GIVEN INFORMATION below:
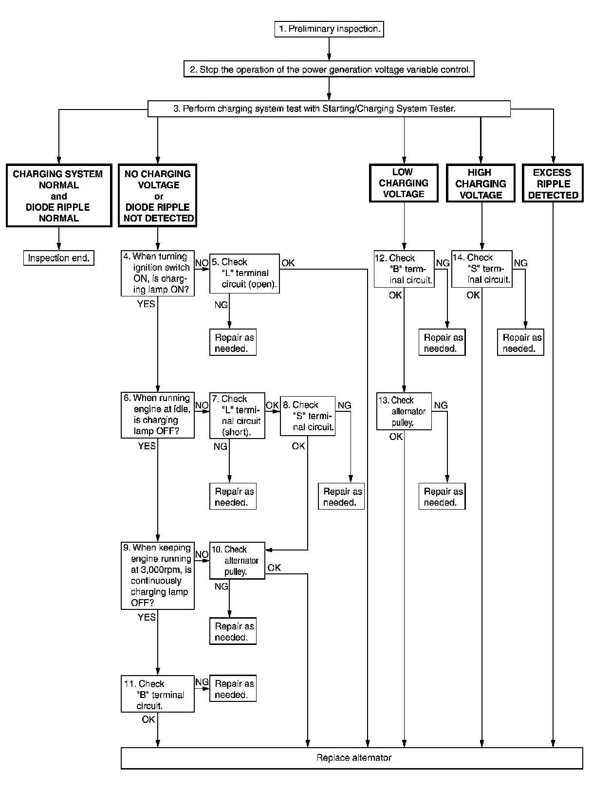 EXCESS RIPPLE DETECTED-Replace the alternator. Perform "DIODE RIPPLE" test again using Starting/Charging System Tester (SST: J-44373) to confirm repair.
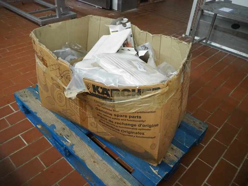 Carton box with Kärcher parts, amongst other paper filter bags.
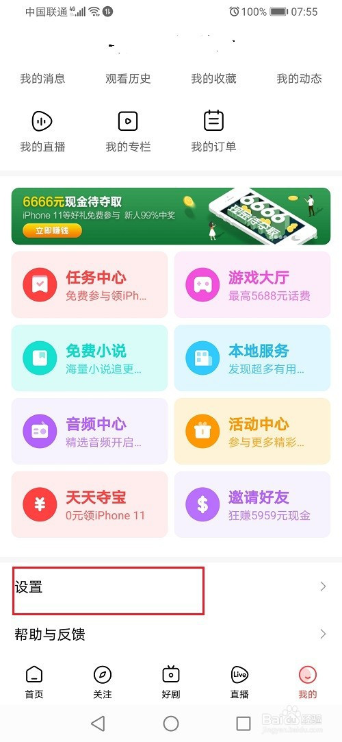 第一步进去都雅视频我的界面,点击设置,如下图所示:
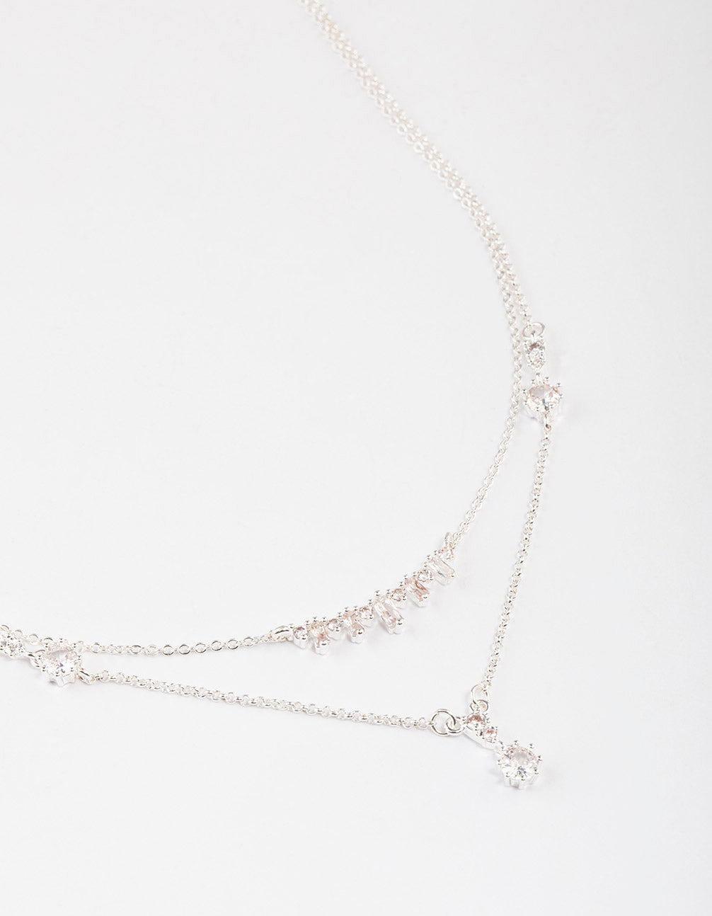 Silver Plated Dainty Cubic Zirconia Double Layer Necklace
End of GIVEN INFORMATION.
### DIRECTIONS FOR THIS TASK
No pictures should appear in the copy. Print exactly the lines above from the line containing "Carton box with" through the last line of the data.

### SOLUTION
 Carton box with Kärcher parts, amongst other paper filter bags.
 第一步进去都雅视频我的界面,点击设置,如下图所示:
 Silver Plated Dainty Cubic Zirconia Double Layer Necklace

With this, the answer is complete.